The researchers identified eIF4E as the key molecule that causes the brains of Fragile X patients to produce excess protein. eIF4E may cause learning difficulties, more serious intellectual disabilities, delays in speech and language development, and difficulties in social interactions.

Nahum Sonenberg, McGill professor in the Faculty of Medicine and the Goodman Cancer Research Centre and co-author of the study says, “We found that eIF4E regulates the production of an enzyme called MMP-9, which breaks down and re-orders the connections between brain cells called synapses. Excess MMP-9 disrupts communication between brain cells, leading to changes in behavior.”

The study showed that by treating Fragile X patients with cercosporamide the activity of EIF4E was blocked. This reduces the activity of MMP-9 thus reducing the behavioral symptoms of Fragile X symptom. These findings suggest that this treatment could be used to treat Fragile X patients.

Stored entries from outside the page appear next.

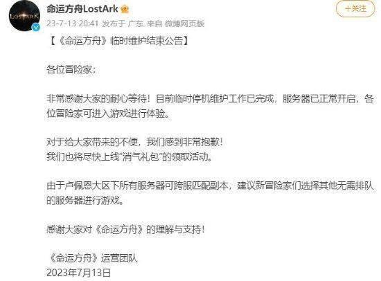 而本次维护已在7月13日晚8点40分已维护结束,官博发文,表示游戏的临时维护现已结束,“消气礼包”也将如约为大家送上。
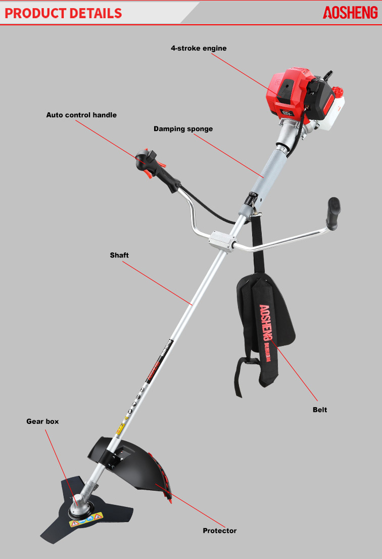 Enjin 4 lejang berprestasi tinggi, anjakan ialah 38CC. Penggunaan profesional di kawasan terbiar terbuka Saiz tiub 26mm * 1.5mm, aci fleksibel kekuatan. Lebar pemotongan ialah 420mm Masa h...
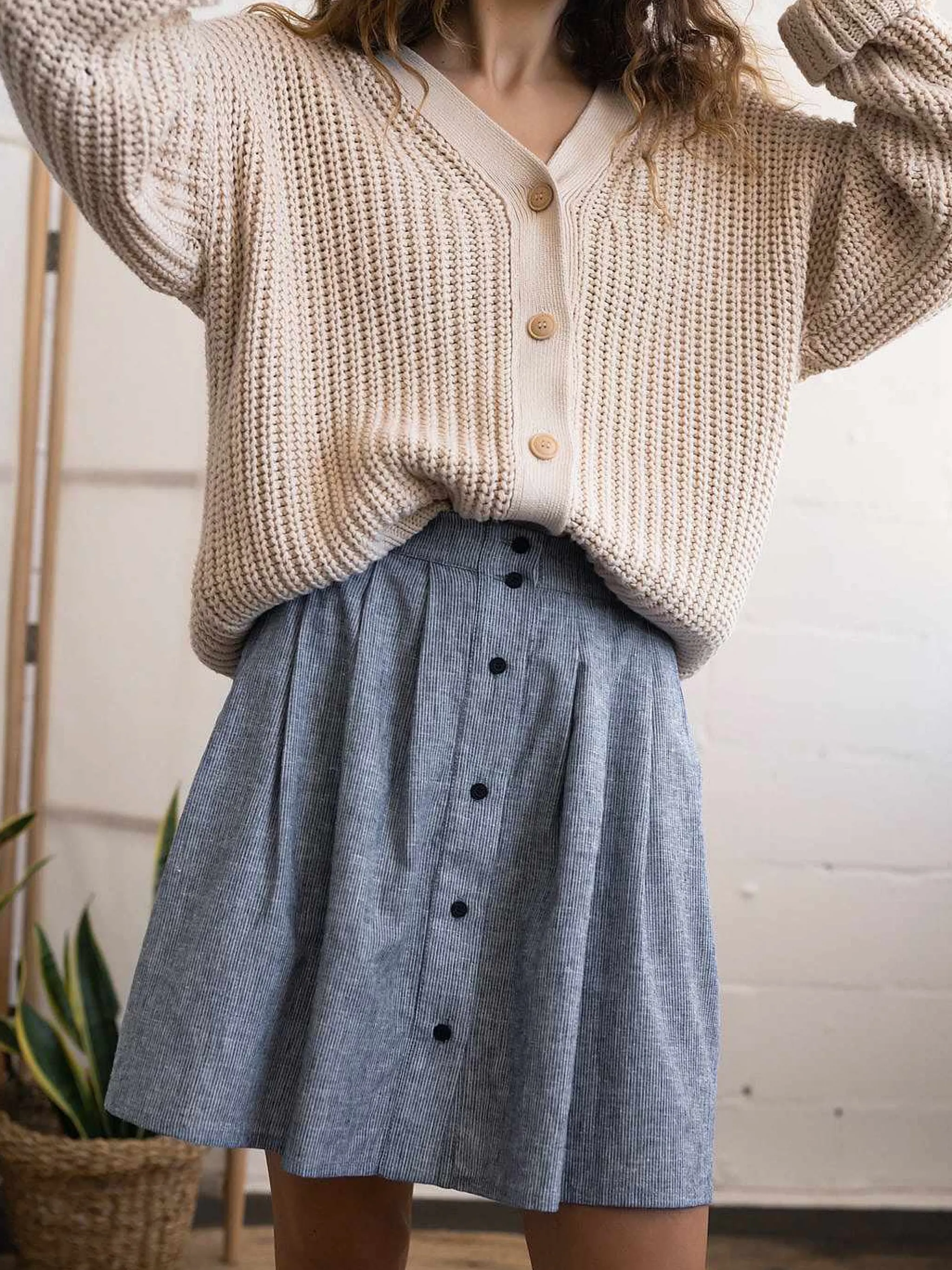 Der Casayeta Ist Ein Button-Down-Rock, Der Die Besten Eigenschaften Von Leinen Und Baumwolle Vereint. Er Verfugt Uber Verspielte Falten Auf Der Vorderseite, Einen Flexiblen Gummibund Auf Der Ruckseite Und Seitentaschen.
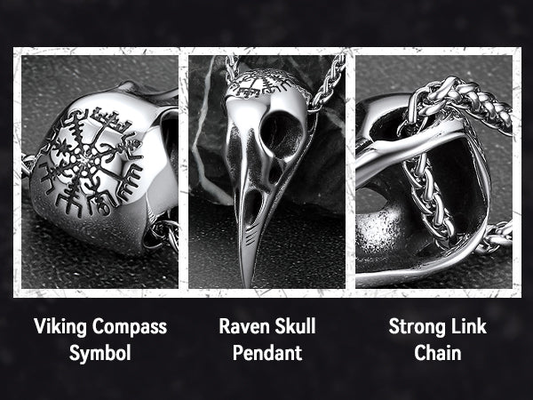 Viking Raven Skull Pendant Necklace can be used as a guiding talisman or threaded upon your favorite chain or lace and hung as a charm. It is a rebirth, restoration, renewal, transformation, and change. With it, you always leave to the light even in the darkest times.
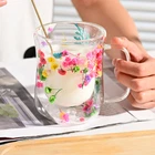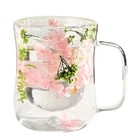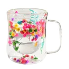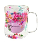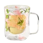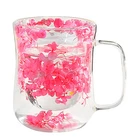 Dry Flowers Double Wall Glass Cup Glass Tea Cup Double Wall Insulated Coffee Mug
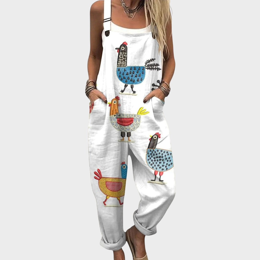 Ta ohlapen kombinezon združuje udobje in edinstven dizajn v kos oblačila, ki ga boste oboževali nositi vsak dan. S širokim krojem, praktičnimi žepi in živahnimi detajli je popoln za sprehode, izlete ali sproščene trenutke doma.
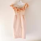 リリーブラウンLilyBrownベージュピンクオフショルダーフリルドレスワンピース
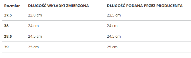 Rozmiar | DŁUGOŚĆ WKŁADKI ZMIERZONA | DŁUGOŚĆ PODANA PRZEZ PRODUCENTA |
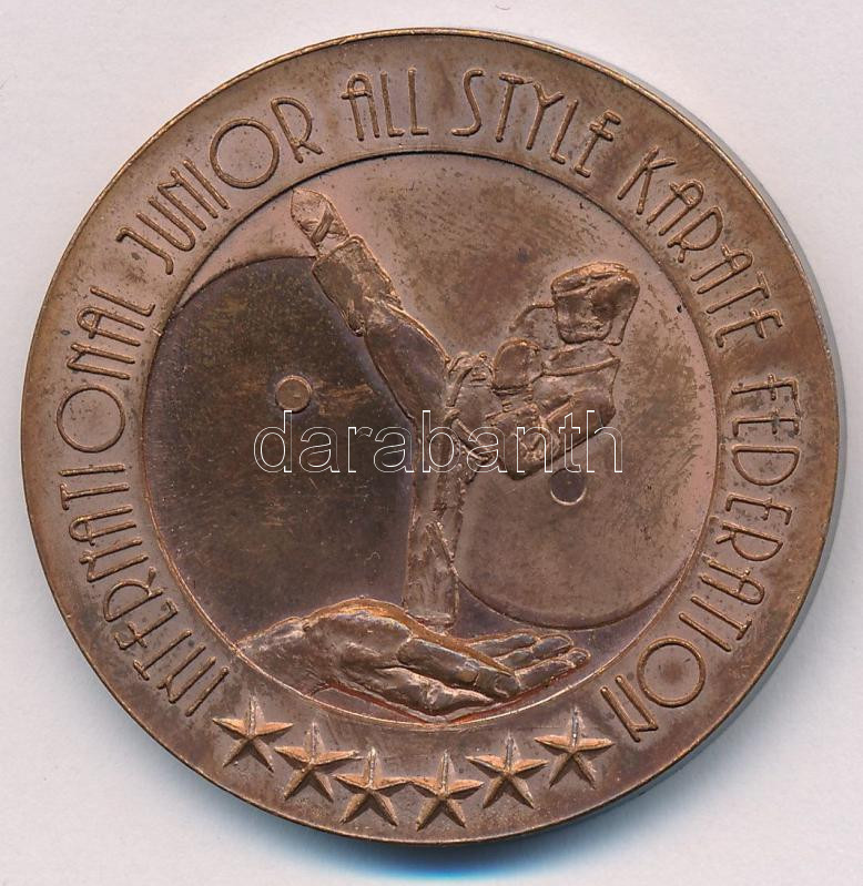 Leírás: Fritz Mihály (1947-) DN "International Junior All Style Karate Federation" angol nyelvű, kétoldalas bronz emlékérem (42,5mm) T:1- patina

“Our findings open the door to targeted treatments for Fragile X Syndrome,” says Christos Gkogkas, of the University of Edinburgh’s Patrick Wild Centre for Research into Autism, Fragile X Syndrome and Intellectual Disabilities. “By designing treatments that block just this pathway, it is hoped that we can limit the potential side-effects and develop therapies that are more efficient than general treatment approaches.”